Konda Veera Reddy, Desai Anuradha, Darland Gary, Bland Jeffrey S, Tripp Matthew L
MetaProteomics, LLC, Gig Harbor, Washington 98332, USA.
Arthritis Rheum. 2010 Jun;62(6):1683-92. doi: 10.1002/art.27441.
The multikinase inhibitor META060 has been shown to inhibit NF-kappaB activation and expression of markers of inflammation. This study was undertaken to investigate the effect of META060 on biomarkers associated with bone and cartilage degradation in vitro and its antiinflammatory efficacy in vivo in both acute and chronic inflammation models.
Glycogen synthase kinase 3beta (GSK3beta)-dependent beta-catenin phosphorylation was evaluated in RAW 264.7 macrophages to assess kinase inhibition.
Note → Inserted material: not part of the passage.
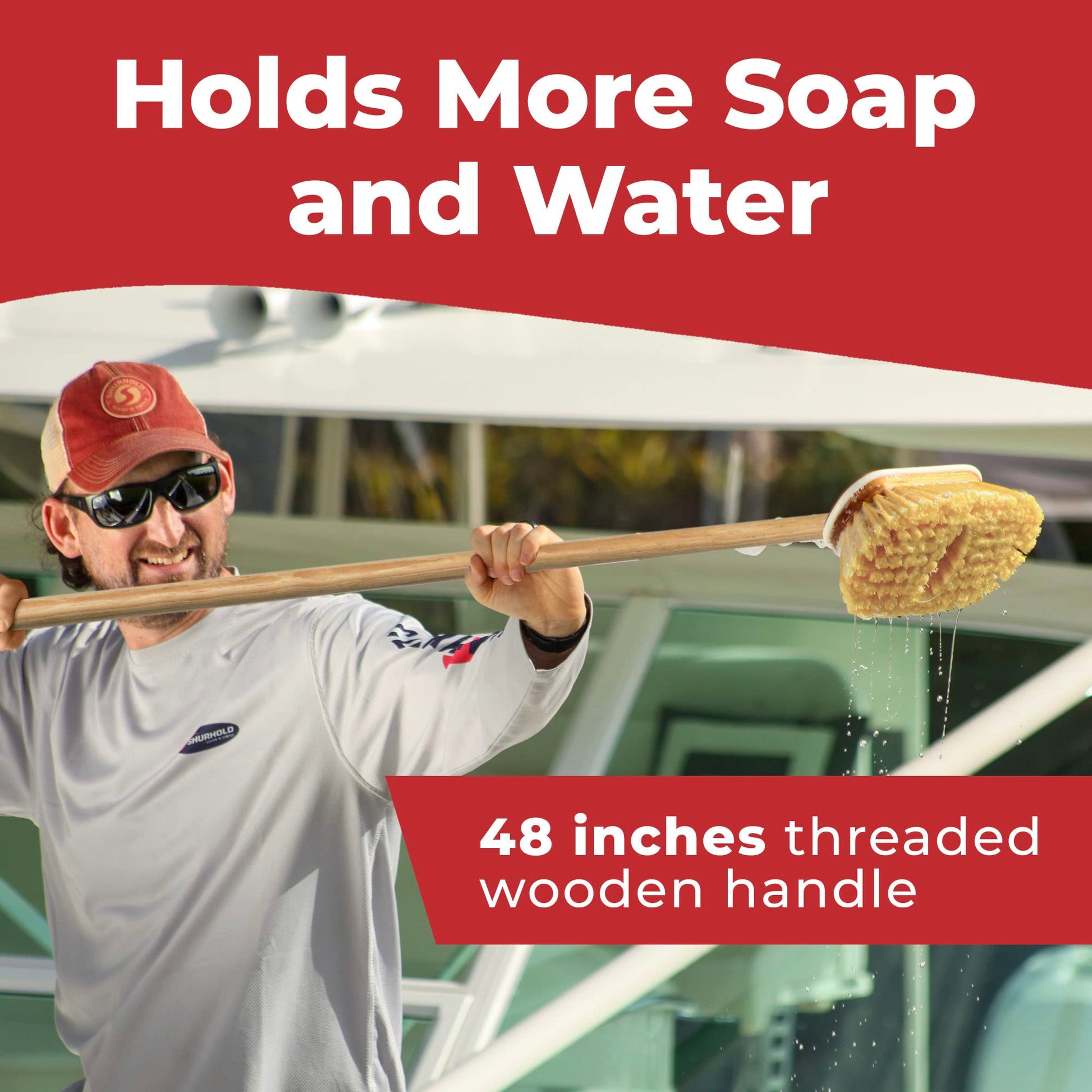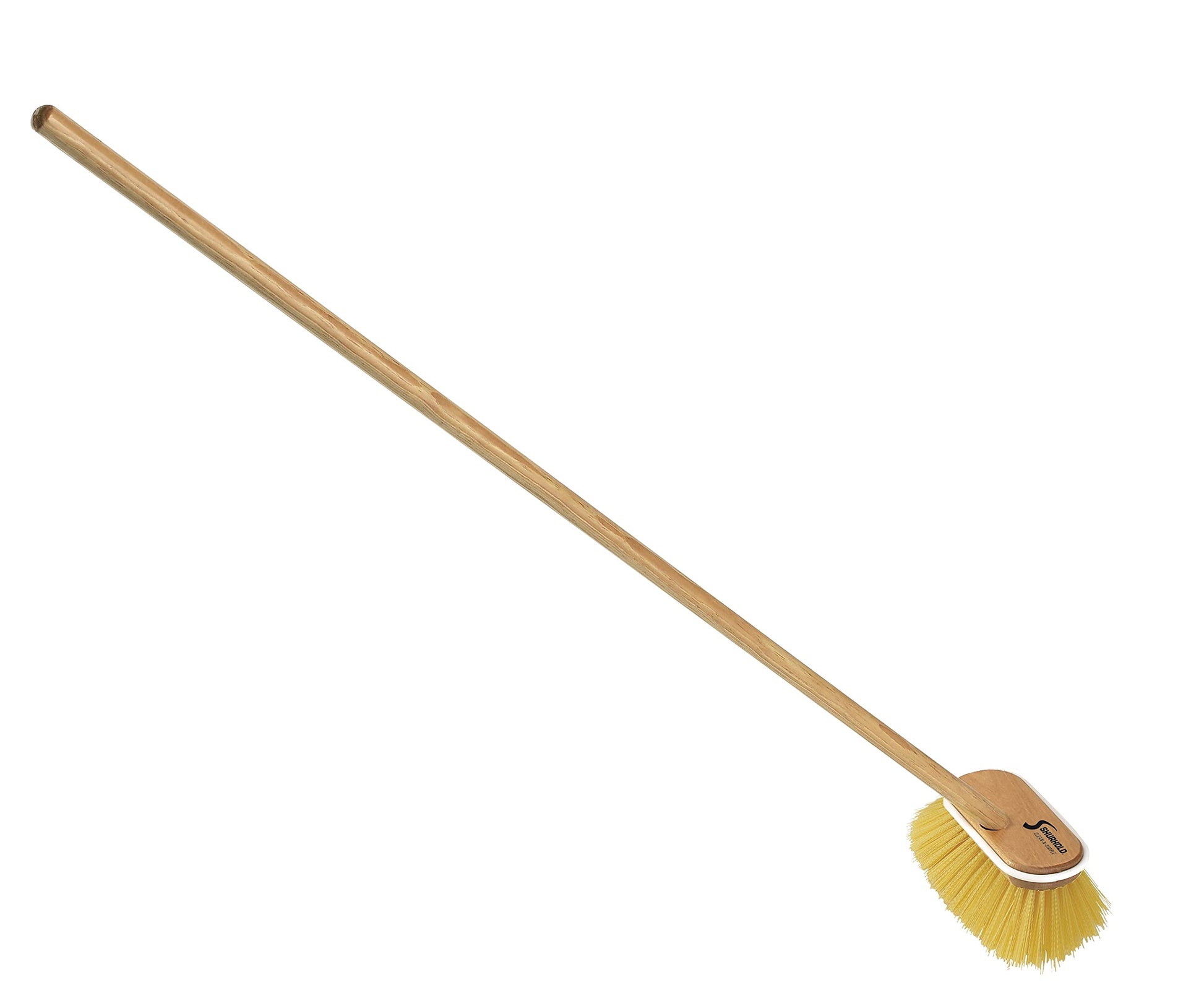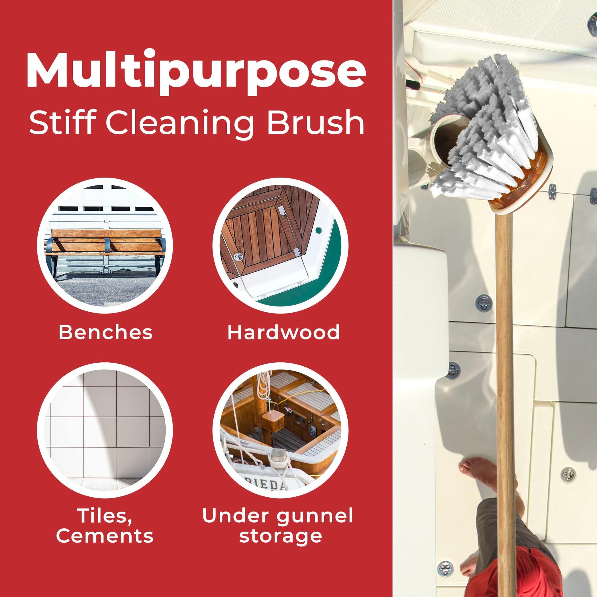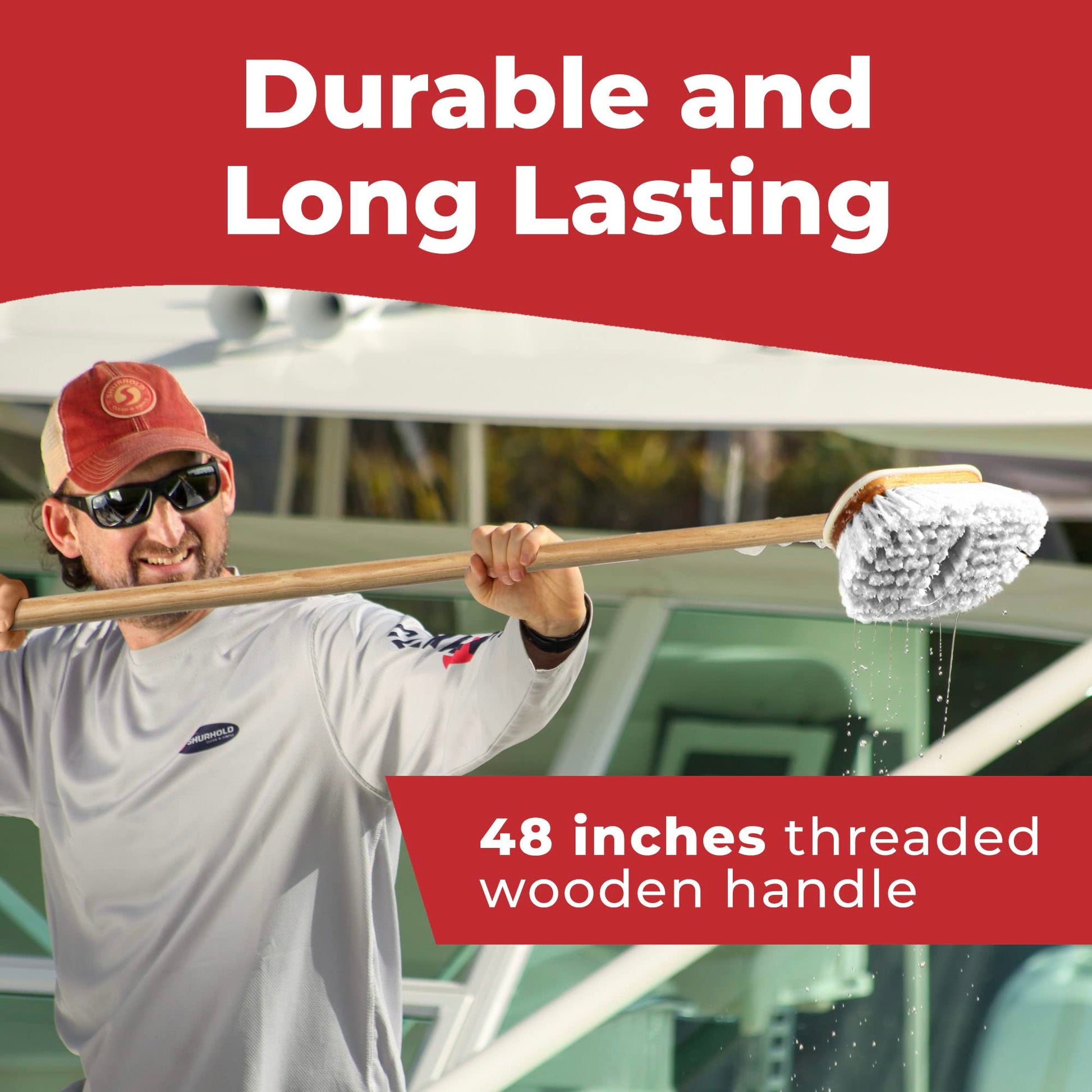 - STURDY CONSTRUCTION - This bristle brush is carved from a solid wood block and attached to a threaded wood handle for durability that holds up to years of repeated deck and hull scrubbing

The inhibition of osteoclastogenesis and tartrate-resistant acid phosphatase (TRAP) activity was evaluated in RANKL-treated RAW 264.7 cells. The inhibition of interleukin-1beta (IL-1beta)-mediated markers of inflammation was analyzed in human rheumatoid arthritis synovial fibroblasts (RASFs). Mice with carrageenan-induced acute inflammation and collagen-induced arthritis (CIA) were used to assess efficacy.
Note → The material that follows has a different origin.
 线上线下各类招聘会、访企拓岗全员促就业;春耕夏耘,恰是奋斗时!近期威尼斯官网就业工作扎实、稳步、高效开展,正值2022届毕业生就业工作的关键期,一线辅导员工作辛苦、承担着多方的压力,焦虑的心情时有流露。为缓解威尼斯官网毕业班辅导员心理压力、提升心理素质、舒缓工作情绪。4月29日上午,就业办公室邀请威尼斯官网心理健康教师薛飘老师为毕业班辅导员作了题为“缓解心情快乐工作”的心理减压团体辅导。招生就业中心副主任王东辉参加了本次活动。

META060 inhibited the activity of kinases (spleen tyrosine kinase [Syk], Bruton's tyrosine kinase [Btk], phosphatidylinositol 3-kinase [PI 3-kinase], and GSK3) associated with RA and inhibited beta-catenin phosphorylation. META060 inhibited osteoclastogenesis, as indicated by decreased transformation of RAW 264.7 cells to osteoclasts and reduced TRAP activity, and inhibited IL-1beta-activated prostaglandin E(2), matrix metalloproteinase 3, IL-6, IL-8, and monocyte chemotactic protein 1 in RASFs. In mice with acute inflammation, oral administration of META060 reduced paw swelling similar to the effect of aspirin. In mice with CIA, META060 significantly reduced the arthritis index and decreased bone, joint, and cartilage degradation. Serum IL-6 concentrations in these mice were inhibited in a dose-dependent manner.
Our findings indicate that META060 reduces swelling in a model of acute inflammation and inhibits bone and cartilage destruction in a model of chronic inflammation. Its efficacy is associated with the inhibition of multiple protein kinases, including Syk, Btk, PI 3-kinase, and GSK3. These results warrant further clinical testing of META060 for its therapeutic potential in the treatment of inflammatory diseases.
多激酶抑制剂META060已被证明可抑制核因子κB的激活及炎症标志物的表达。本研究旨在探讨META060对体外与骨和软骨降解相关生物标志物的影响及其在急性和慢性炎症模型中的体内抗炎疗效。
在RAW 264.7巨噬细胞中评估糖原合酶激酶3β(GSK3β)依赖性β-连环蛋白磷酸化,以评估激酶抑制情况。在经RANKL处理的RAW 264.7细胞中评估破骨细胞生成及抗酒石酸酸性磷酸酶(TRAP)活性的抑制情况。在人类风湿关节炎滑膜成纤维细胞(RASFs)中分析白细胞介素-1β(IL-1β)介导的炎症标志物的抑制情况。使用角叉菜胶诱导的急性炎症小鼠和胶原诱导的关节炎(CIA)小鼠评估疗效。
META060抑制了与类风湿关节炎相关的激酶(脾酪氨酸激酶[Syk]、布鲁顿酪氨酸激酶[Btk]、磷脂酰肌醇3激酶[PI 3激酶]和GSK3)的活性,并抑制β-连环蛋白磷酸化。META060抑制破骨细胞生成,表现为RAW 264.7细胞向破骨细胞的转化减少及TRAP活性降低,并抑制RASFs中IL-1β激活的前列腺素E2、基质金属蛋白酶3、IL-6、IL-8和单核细胞趋化蛋白1。在急性炎症小鼠中,口服META060可减轻爪肿胀,效果与阿司匹林相似。在CIA小鼠中,META060显著降低关节炎指数,并减少骨、关节和软骨破坏。这些小鼠血清IL-6浓度呈剂量依赖性受到抑制。
我们的研究结果表明,META060可减轻急性炎症模型中的肿胀,并抑制慢性炎症模型中的骨和软骨破坏。其疗效与抑制包括Syk、Btk、PI 3激酶和GSK3在内的多种蛋白激酶有关。这些结果为进一步临床测试META060在治疗炎症性疾病方面的治疗潜力提供了依据。